* _Task item_
Could you repeat, exactly and with no pictures, only the lines from the start of the records through the line containing "подводки:жесткая/Назначение:для ванны/Конструкция излива:без"?

* _Supplied data_
• • • •

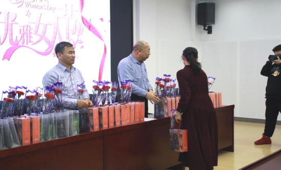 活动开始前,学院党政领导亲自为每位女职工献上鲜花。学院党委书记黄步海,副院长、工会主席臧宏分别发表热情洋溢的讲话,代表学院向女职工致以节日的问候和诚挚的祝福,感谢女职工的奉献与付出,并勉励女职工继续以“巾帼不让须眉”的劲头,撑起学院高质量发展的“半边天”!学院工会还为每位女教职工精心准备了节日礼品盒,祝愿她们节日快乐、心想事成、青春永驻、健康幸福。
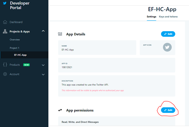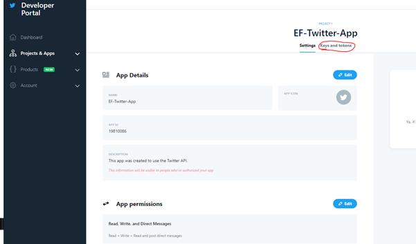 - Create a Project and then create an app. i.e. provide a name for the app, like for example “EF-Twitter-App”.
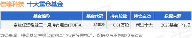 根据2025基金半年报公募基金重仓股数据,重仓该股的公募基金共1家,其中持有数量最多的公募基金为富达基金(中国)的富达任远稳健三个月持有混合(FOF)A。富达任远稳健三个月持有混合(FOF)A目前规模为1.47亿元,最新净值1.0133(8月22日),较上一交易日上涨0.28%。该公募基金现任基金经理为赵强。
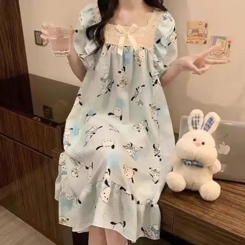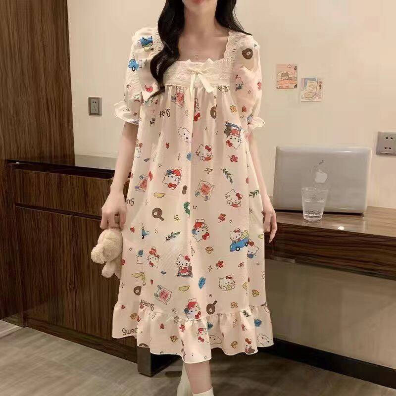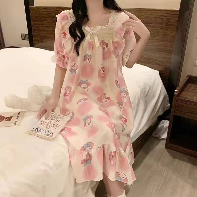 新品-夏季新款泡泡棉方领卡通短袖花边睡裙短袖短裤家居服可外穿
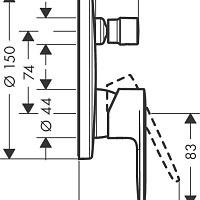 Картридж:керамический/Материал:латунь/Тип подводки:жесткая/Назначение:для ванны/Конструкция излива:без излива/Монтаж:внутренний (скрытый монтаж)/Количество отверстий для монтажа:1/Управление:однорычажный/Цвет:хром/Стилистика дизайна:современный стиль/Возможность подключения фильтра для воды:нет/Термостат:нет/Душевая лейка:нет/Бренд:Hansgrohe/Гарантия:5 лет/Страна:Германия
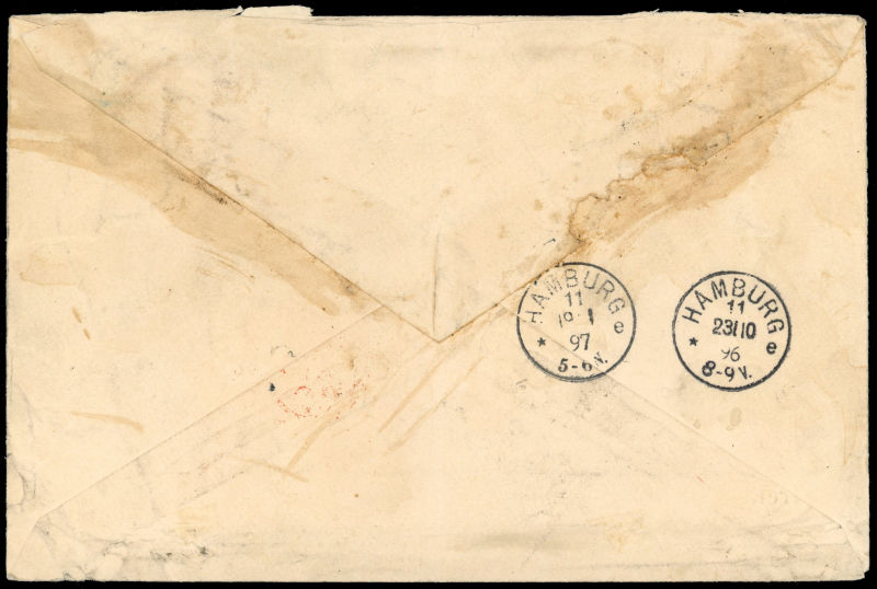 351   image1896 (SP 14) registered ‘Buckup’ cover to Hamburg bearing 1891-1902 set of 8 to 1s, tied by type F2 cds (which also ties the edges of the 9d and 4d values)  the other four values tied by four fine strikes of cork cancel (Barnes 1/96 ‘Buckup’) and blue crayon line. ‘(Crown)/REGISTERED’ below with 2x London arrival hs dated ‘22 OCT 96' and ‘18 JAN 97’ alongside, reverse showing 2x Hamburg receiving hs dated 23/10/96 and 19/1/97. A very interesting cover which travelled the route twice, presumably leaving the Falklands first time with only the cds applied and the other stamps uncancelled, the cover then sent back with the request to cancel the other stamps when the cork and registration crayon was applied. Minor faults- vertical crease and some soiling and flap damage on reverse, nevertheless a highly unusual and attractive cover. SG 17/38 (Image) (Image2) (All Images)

• • • •

* _Your solution_
 活动开始前,学院党政领导亲自为每位女职工献上鲜花。学院党委书记黄步海,副院长、工会主席臧宏分别发表热情洋溢的讲话,代表学院向女职工致以节日的问候和诚挚的祝福,感谢女职工的奉献与付出,并勉励女职工继续以“巾帼不让须眉”的劲头,撑起学院高质量发展的“半边天”!学院工会还为每位女教职工精心准备了节日礼品盒,祝愿她们节日快乐、心想事成、青春永驻、健康幸福。
 - Create a Project and then create an app. i.e. provide a name for the app, like for example “EF-Twitter-App”.
 根据2025基金半年报公募基金重仓股数据,重仓该股的公募基金共1家,其中持有数量最多的公募基金为富达基金(中国)的富达任远稳健三个月持有混合(FOF)A。富达任远稳健三个月持有混合(FOF)A目前规模为1.47亿元,最新净值1.0133(8月22日),较上一交易日上涨0.28%。该公募基金现任基金经理为赵强。
 新品-夏季新款泡泡棉方领卡通短袖花边睡裙短袖短裤家居服可外穿
 Картридж:керамический/Материал:латунь/Тип подводки:жесткая/Назначение:для ванны/Конструкция излива:без излива/Монтаж:внутренний (скрытый монтаж)/Количество отверстий для монтажа:1/Управление:однорычажный/Цвет:хром/Стилистика дизайна:современный стиль/Возможность подключения фильтра для воды:нет/Термостат:нет/Душевая лейка:нет/Бренд:Hansgrohe/Гарантия:5 лет/Страна:Германия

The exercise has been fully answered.